#### MATERIAL FOR THE TASK:
========================
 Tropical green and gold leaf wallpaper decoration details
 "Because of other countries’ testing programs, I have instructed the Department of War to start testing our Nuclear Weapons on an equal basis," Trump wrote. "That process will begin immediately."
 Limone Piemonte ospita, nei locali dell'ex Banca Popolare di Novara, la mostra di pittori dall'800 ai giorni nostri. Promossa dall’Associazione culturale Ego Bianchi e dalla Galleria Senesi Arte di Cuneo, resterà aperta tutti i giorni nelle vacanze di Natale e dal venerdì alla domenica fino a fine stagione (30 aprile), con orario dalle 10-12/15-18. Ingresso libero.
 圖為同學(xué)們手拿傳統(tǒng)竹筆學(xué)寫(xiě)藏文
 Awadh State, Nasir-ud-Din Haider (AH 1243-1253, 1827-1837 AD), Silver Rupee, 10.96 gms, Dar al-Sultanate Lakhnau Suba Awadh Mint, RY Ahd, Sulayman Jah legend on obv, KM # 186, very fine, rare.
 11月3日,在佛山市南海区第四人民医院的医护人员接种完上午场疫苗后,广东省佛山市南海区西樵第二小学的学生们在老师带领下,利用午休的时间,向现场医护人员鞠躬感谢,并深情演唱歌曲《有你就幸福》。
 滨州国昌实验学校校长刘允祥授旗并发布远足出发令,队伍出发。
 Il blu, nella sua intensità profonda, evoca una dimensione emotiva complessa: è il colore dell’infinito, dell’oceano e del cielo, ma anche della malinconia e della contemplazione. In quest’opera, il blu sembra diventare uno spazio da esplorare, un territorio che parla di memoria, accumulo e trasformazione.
========================
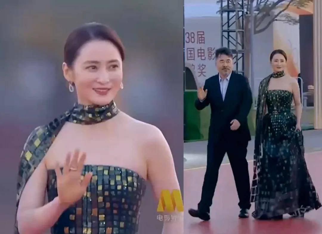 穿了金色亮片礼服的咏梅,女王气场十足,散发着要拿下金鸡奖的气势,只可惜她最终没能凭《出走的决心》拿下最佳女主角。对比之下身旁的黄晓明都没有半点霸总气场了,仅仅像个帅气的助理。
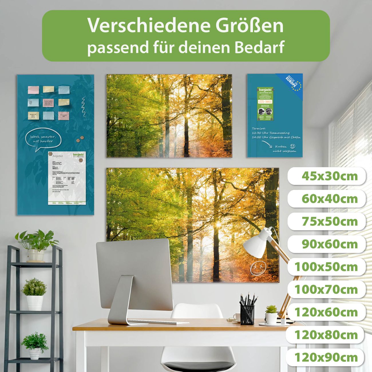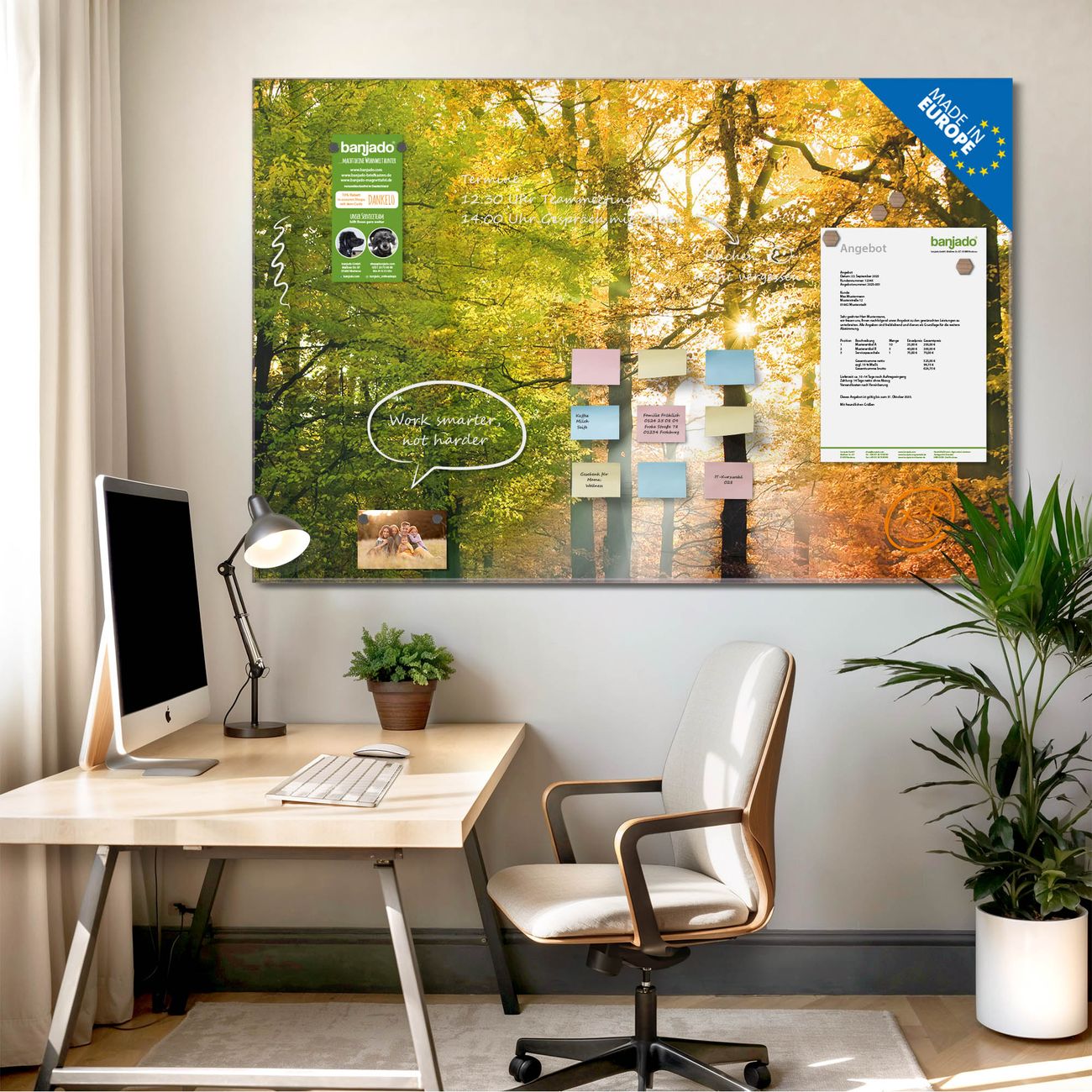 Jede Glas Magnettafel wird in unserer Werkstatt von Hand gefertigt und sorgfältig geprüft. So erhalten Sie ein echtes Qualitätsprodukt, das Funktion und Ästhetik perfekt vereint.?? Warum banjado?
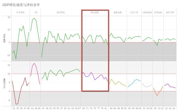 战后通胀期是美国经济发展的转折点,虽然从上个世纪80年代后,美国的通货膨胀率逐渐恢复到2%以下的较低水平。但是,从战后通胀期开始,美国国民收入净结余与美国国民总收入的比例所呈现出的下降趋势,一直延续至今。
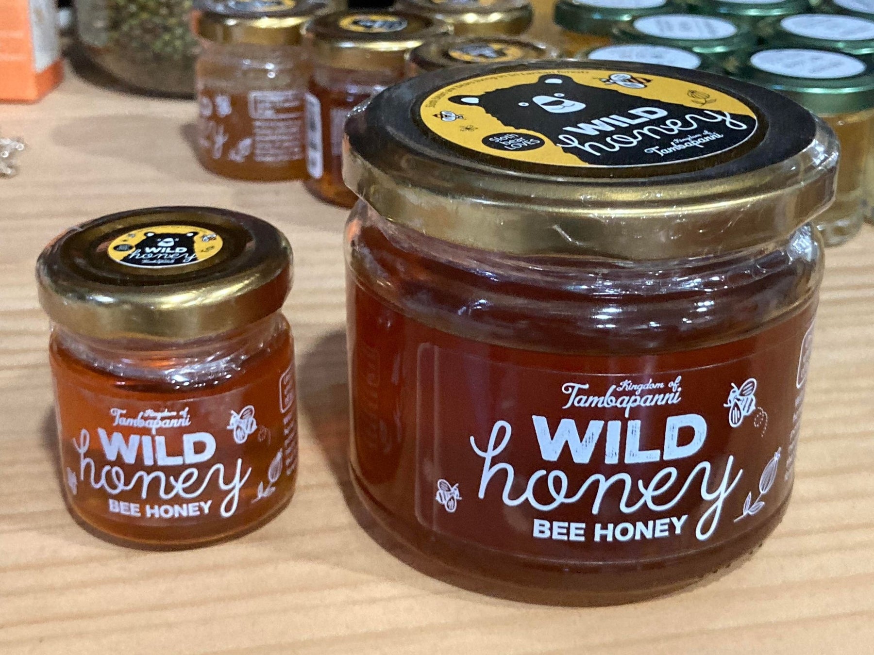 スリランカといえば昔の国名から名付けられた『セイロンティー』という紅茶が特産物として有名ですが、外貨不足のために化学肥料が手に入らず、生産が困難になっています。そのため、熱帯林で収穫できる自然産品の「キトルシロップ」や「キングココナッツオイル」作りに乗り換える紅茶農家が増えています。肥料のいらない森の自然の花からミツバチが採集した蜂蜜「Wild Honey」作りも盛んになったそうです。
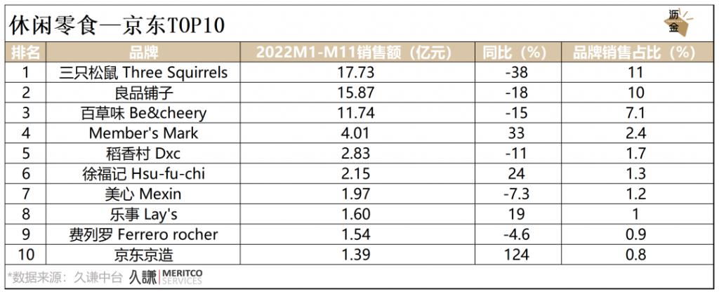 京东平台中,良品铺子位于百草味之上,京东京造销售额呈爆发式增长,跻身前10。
========================
#### WHAT THE EXERCISE ASKS:
Set down, exactly as they stand above, the lines starting with the line with "of other countries’" and going on through the line with "滨州国昌实验学校校长刘允祥授旗并发布远足出发令,队伍出发。", and no others.

#### SOLUTION FOR THIS TASK:
 "Because of other countries’ testing programs, I have instructed the Department of War to start testing our Nuclear Weapons on an equal basis," Trump wrote. "That process will begin immediately."
 Limone Piemonte ospita, nei locali dell'ex Banca Popolare di Novara, la mostra di pittori dall'800 ai giorni nostri. Promossa dall’Associazione culturale Ego Bianchi e dalla Galleria Senesi Arte di Cuneo, resterà aperta tutti i giorni nelle vacanze di Natale e dal venerdì alla domenica fino a fine stagione (30 aprile), con orario dalle 10-12/15-18. Ingresso libero.
 圖為同學(xué)們手拿傳統(tǒng)竹筆學(xué)寫(xiě)藏文
 Awadh State, Nasir-ud-Din Haider (AH 1243-1253, 1827-1837 AD), Silver Rupee, 10.96 gms, Dar al-Sultanate Lakhnau Suba Awadh Mint, RY Ahd, Sulayman Jah legend on obv, KM # 186, very fine, rare.
 11月3日,在佛山市南海区第四人民医院的医护人员接种完上午场疫苗后,广东省佛山市南海区西樵第二小学的学生们在老师带领下,利用午休的时间,向现场医护人员鞠躬感谢,并深情演唱歌曲《有你就幸福》。
 滨州国昌实验学校校长刘允祥授旗并发布远足出发令,队伍出发。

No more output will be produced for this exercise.